Il comparto del latte vaccino attraversa una fase particolarmente delicata. Al crollo dei prezzi registrato negli ultimi mesi si aggiungono gli effetti delle temperature eccezionalmente elevate, che stanno incidendo sulla produttività degli allevamenti e aggravando le difficoltà economiche delle aziende zootecniche. È il quadro delineato da Confcooperative Agroalimentare e Pesca Toscana, che evidenzia le criticità di una filiera già alle prese con problemi strutturali.

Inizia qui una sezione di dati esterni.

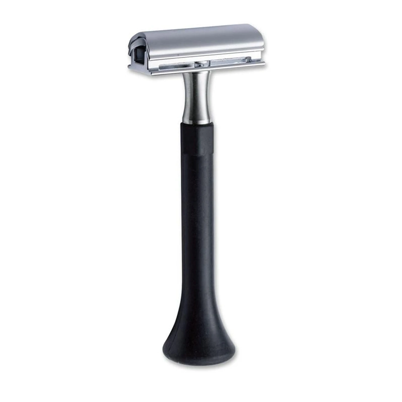 This innovative safety razor offers a 4-edge double blade design and a patented double edge technology. The blades are contoured at a precise angle to deliver a perfect and smooth shave. The razor head is made of solid metal, is chrome plated, and automatically adjusts the blades. The ergonomically designed handle is 4″ long, and is available in a variety of materials. These razors are tested and approved by the National Institute for Cutting Tools and are 100% German manufactured. Each model comes with a set of 10 extra blades. Weight: 3 oz. With moisture resistant silicon handle, black.
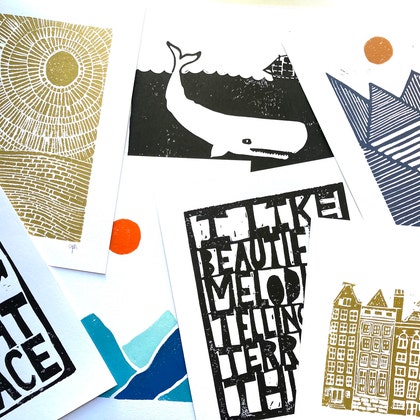 With free shipping and custom colors offered, these hand-pressed linocut prints on beautiful letterpress paper make superb gifts!
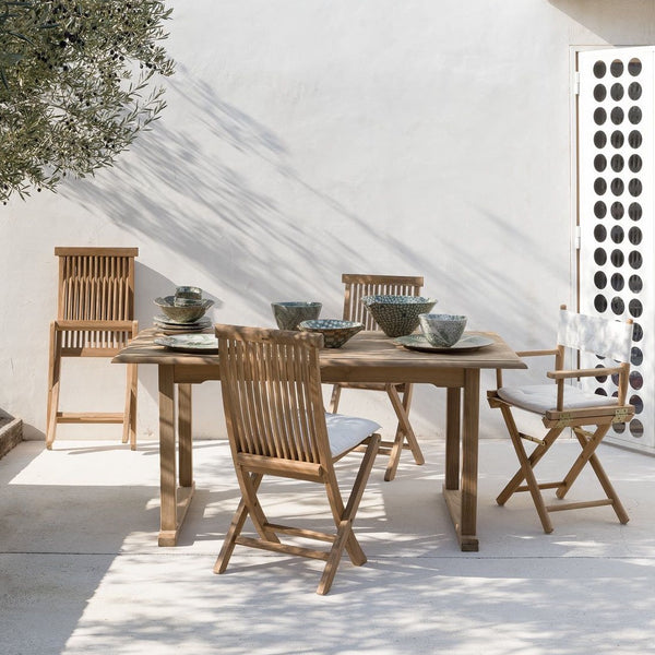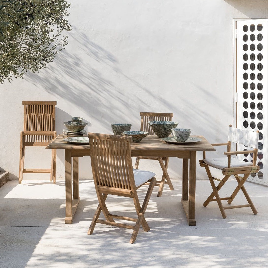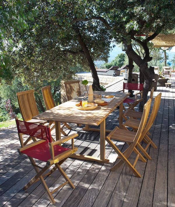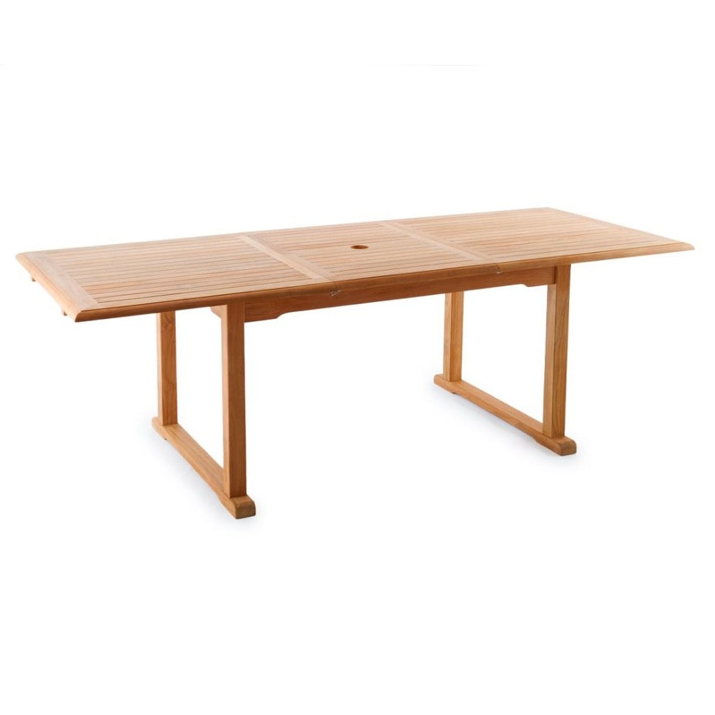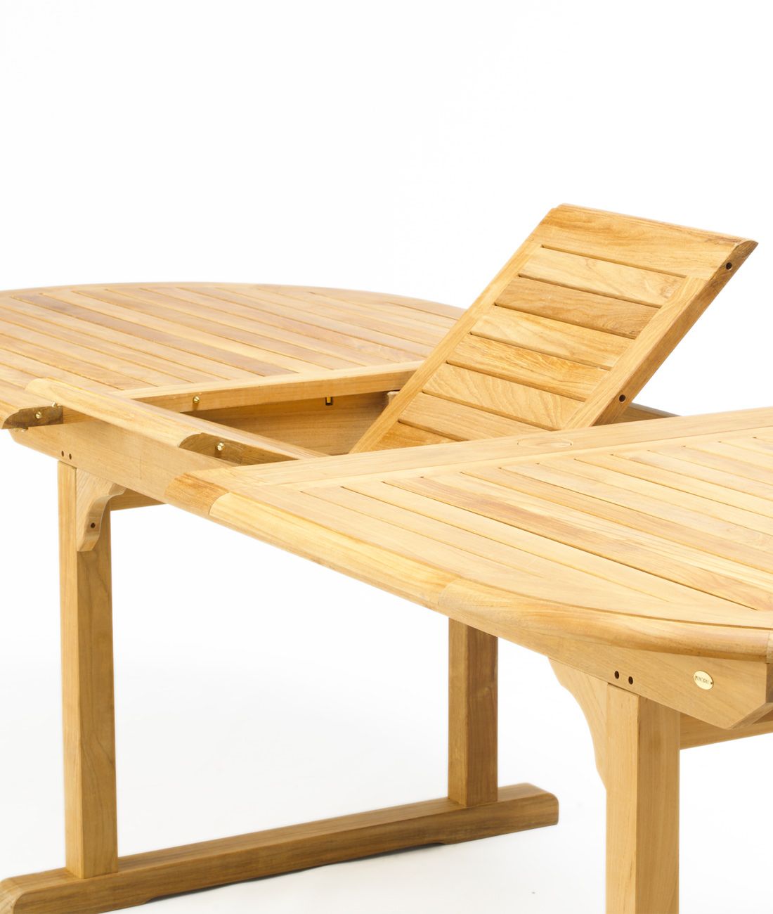 Der Tisch Chelsea ist komplett aus Teakholz angefertigt. Er ist ausziehbar und hat Platz für den Sonnenschirm Lipari.
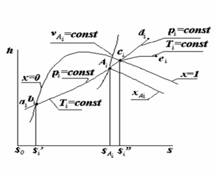 - удельная энтропия влажного пара, соответствующего состоянию в точке Аi,

«Quest'anno il comparto del latte vaccino ha attraversato una crisi importante. I prezzi sono crollati e questo ha ulteriormente indebolito gli allevamenti. Adesso anche il caldo record sta facendo diminuire la produzione. È una situazione davvero molto difficile», afferma Luciano Nucci, presidente di Confcooperative Agroalimentare e Pesca Toscana.

Il periodo estivo comporta tradizionalmente una riduzione della produzione lattiera, ma le ondate di calore delle ultime settimane stanno amplificando il fenomeno, con conseguenze dirette sul benessere animale e sulle rese produttive. «Il periodo estivo comporta fisiologicamente un calo della produzione di latte, ma temperature come quelle di queste settimane aggravano enormemente il problema e aumentano le difficoltà delle aziende zootecniche», sottolinea Nucci.

Alla diminuzione della produzione si aggiunge una fragilità strutturale del sistema nazionale. L'Italia, infatti, non è autosufficiente dal punto di vista produttivo e continua a dipendere dalle importazioni per soddisfare il fabbisogno interno. «Se in Italia consumassimo esclusivamente il latte prodotto nel nostro Paese, non sarebbe sufficiente a coprire il fabbisogno nazionale. Questo significa che il sistema è già fragile e che ogni ulteriore difficoltà pesa ancora di più sulla filiera», evidenzia il presidente della federazione regionale.

Secondo Confcooperative Toscana, la concomitanza tra quotazioni in calo e riduzione dei volumi rischia di compromettere ulteriormente la competitività degli allevamenti, già alle prese con costi di produzione elevati. «Gli allevatori si trovano a sostenere costi elevati in un contesto in cui i ricavi si sono ridotti. È una pressione che mette a rischio la capacità produttiva di molte aziende e rende sempre più difficile programmare investimenti e sviluppo», osserva Nucci.

In questo contesto, la cooperazione rivendica il proprio ruolo nel garantire qualità, sicurezza alimentare e tracciabilità lungo tutta la filiera. «Chi sceglie i prodotti delle nostre cooperative sceglie qualità, sicurezza e tracciabilità. È un valore che va tutelato, perché oggi anche questo modello produttivo è messo seriamente in difficoltà dagli effetti del cambiamento climatico e dalle tensioni del mercato», conclude Nucci.